Exercise:
Reproduce exactly the lines from the start of the records through the line containing "WinnerTransfer A4 x", both included. Leave the pictures out.

(Items from a dataset)
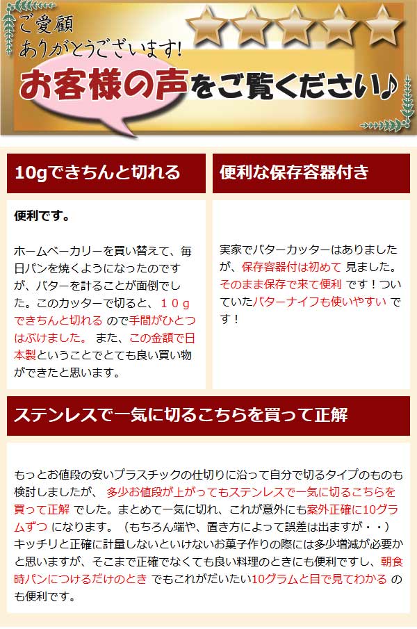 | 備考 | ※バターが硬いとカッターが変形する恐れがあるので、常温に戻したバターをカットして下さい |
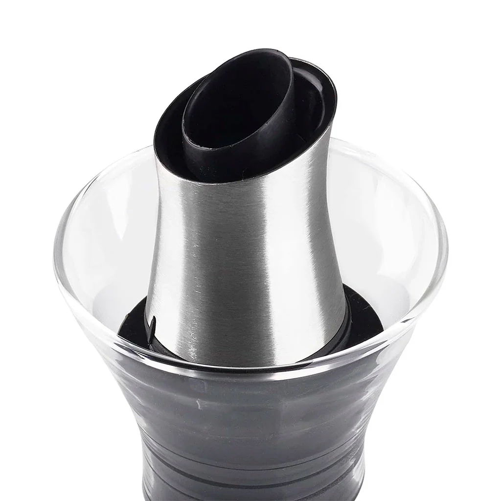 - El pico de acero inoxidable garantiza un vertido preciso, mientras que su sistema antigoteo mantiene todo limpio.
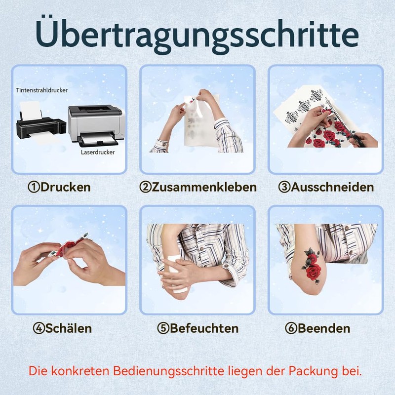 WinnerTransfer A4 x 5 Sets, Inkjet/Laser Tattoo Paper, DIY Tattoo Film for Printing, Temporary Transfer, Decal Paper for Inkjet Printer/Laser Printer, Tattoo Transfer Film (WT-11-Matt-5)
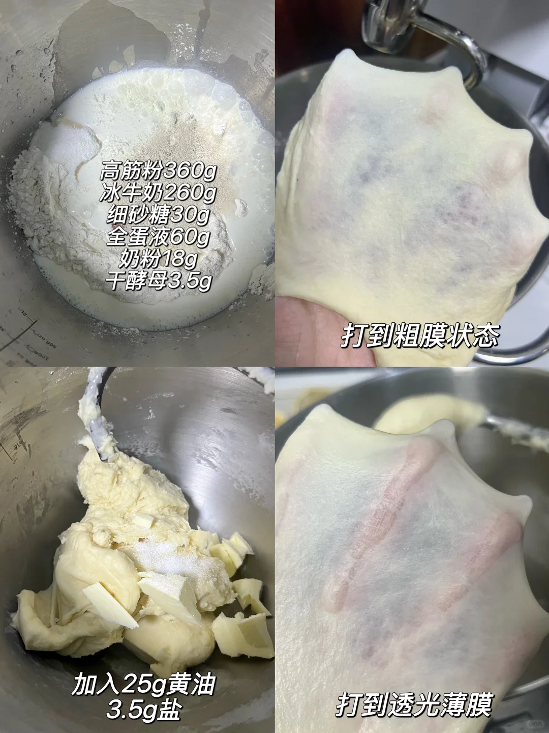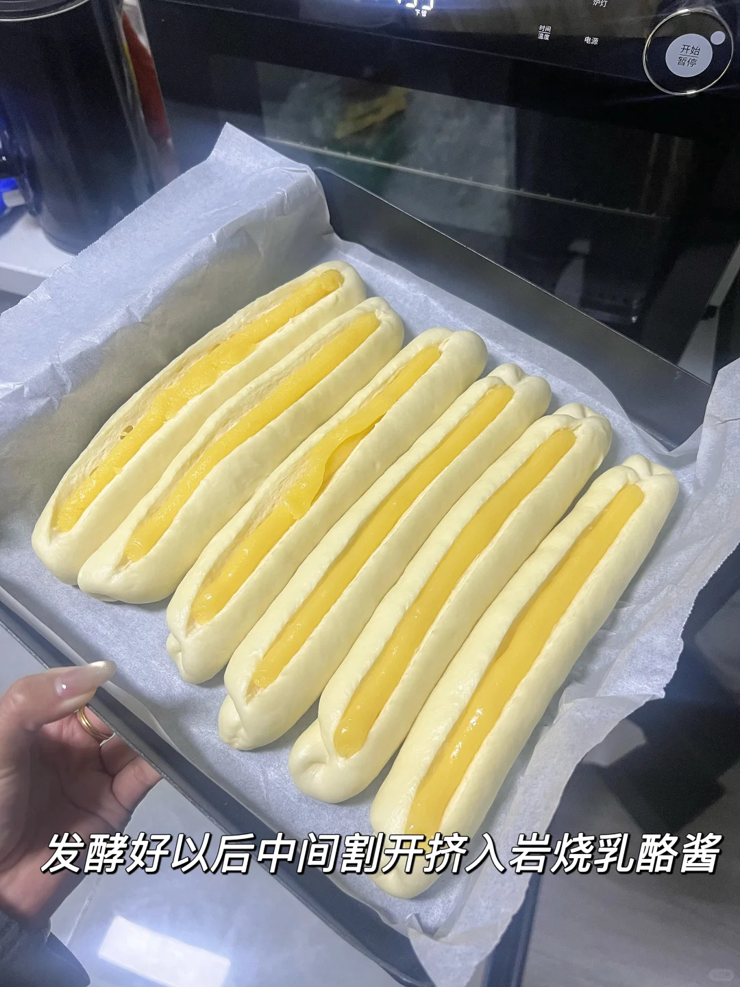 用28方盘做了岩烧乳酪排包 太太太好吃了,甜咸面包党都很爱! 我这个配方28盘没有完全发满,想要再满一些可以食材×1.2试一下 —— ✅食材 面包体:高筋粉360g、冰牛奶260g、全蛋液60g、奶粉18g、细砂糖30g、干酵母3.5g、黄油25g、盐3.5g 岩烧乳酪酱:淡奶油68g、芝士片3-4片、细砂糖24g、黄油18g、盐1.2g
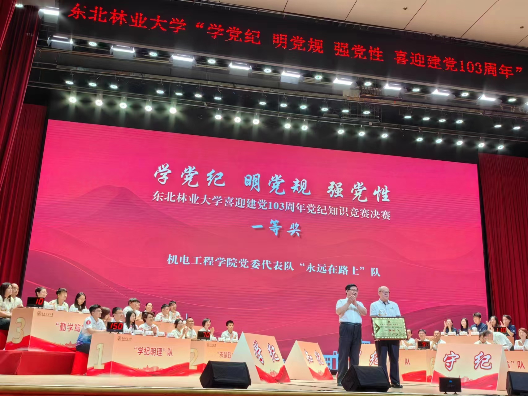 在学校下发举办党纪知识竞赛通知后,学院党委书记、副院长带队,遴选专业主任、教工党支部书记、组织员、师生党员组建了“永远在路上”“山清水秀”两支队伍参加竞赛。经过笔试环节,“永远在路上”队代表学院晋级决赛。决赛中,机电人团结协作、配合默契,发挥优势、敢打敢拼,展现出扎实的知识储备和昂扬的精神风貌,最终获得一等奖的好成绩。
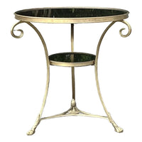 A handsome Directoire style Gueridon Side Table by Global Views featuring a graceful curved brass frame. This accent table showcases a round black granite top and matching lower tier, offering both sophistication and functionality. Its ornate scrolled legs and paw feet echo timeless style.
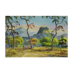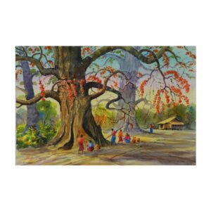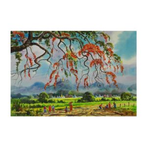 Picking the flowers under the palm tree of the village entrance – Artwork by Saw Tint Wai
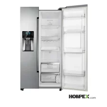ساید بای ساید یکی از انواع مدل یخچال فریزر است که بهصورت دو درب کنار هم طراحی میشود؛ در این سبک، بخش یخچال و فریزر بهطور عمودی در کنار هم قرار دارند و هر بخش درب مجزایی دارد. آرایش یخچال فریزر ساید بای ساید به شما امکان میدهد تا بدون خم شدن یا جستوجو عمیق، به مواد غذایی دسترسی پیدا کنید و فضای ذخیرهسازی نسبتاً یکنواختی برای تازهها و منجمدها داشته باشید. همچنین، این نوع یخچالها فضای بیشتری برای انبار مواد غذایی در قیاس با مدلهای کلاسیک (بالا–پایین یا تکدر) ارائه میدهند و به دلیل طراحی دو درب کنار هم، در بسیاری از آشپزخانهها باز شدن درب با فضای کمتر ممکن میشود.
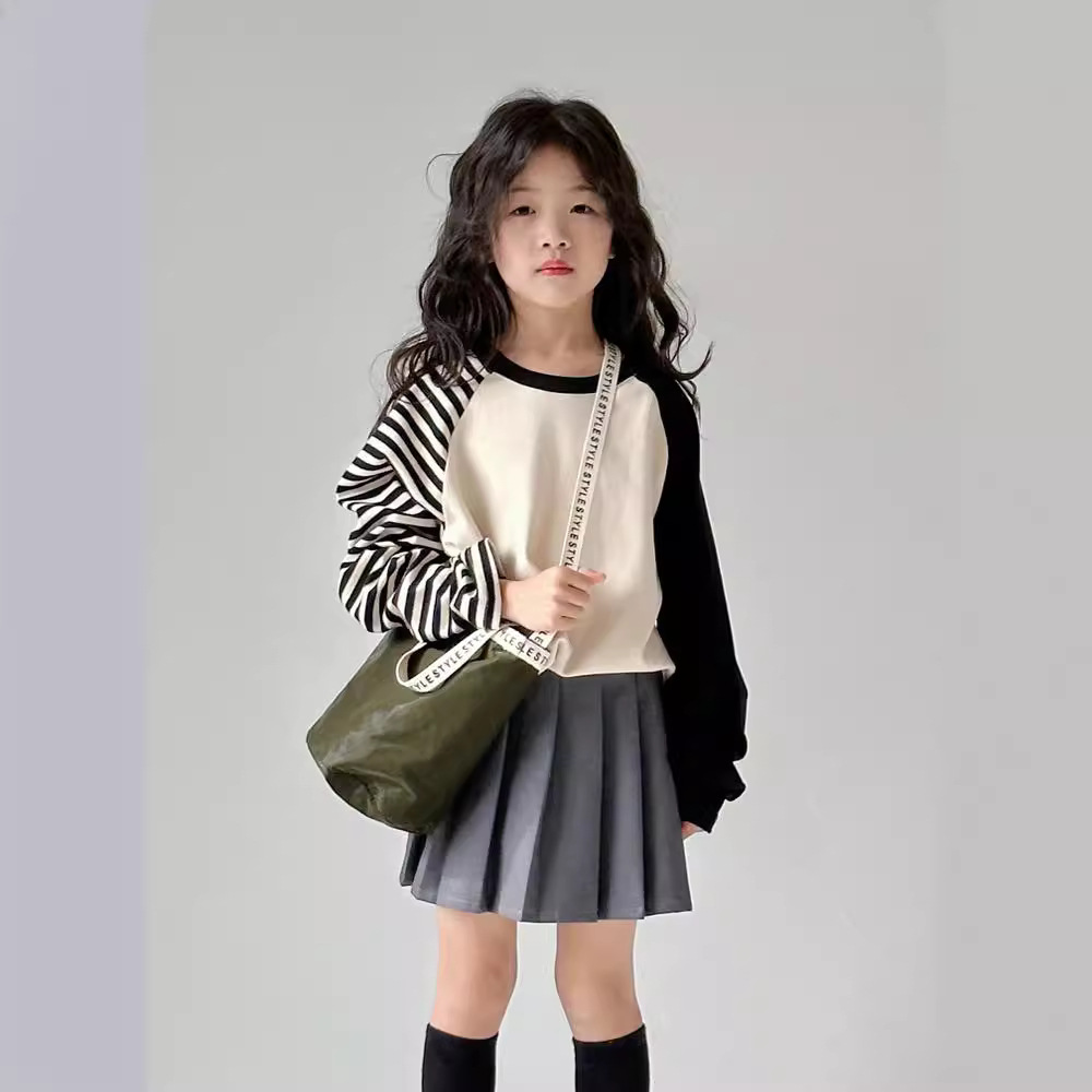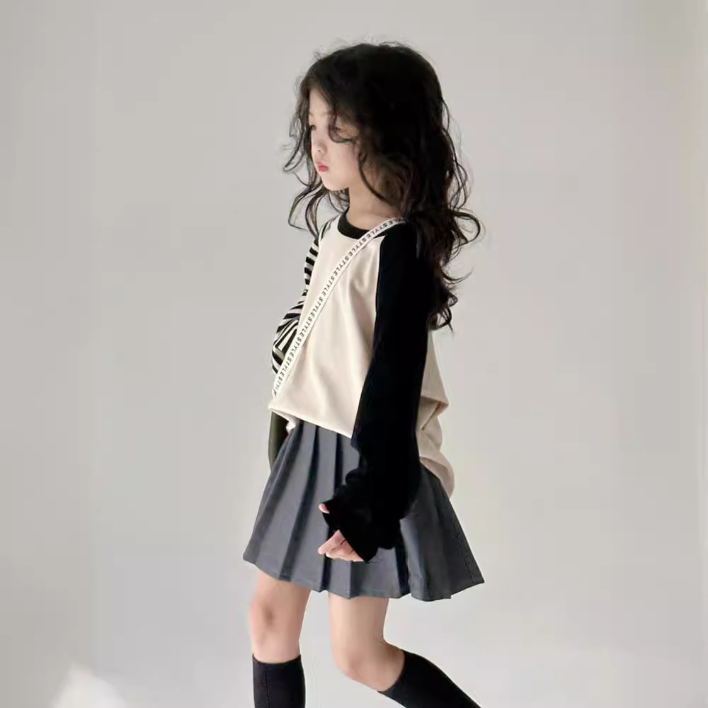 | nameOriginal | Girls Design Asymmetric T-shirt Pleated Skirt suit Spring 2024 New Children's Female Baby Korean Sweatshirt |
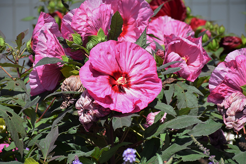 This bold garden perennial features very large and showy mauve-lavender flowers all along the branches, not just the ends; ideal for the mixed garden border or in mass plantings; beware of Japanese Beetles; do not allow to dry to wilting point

Output of the exercise:
 | 備考 | ※バターが硬いとカッターが変形する恐れがあるので、常温に戻したバターをカットして下さい |
 - El pico de acero inoxidable garantiza un vertido preciso, mientras que su sistema antigoteo mantiene todo limpio.
 WinnerTransfer A4 x 5 Sets, Inkjet/Laser Tattoo Paper, DIY Tattoo Film for Printing, Temporary Transfer, Decal Paper for Inkjet Printer/Laser Printer, Tattoo Transfer Film (WT-11-Matt-5)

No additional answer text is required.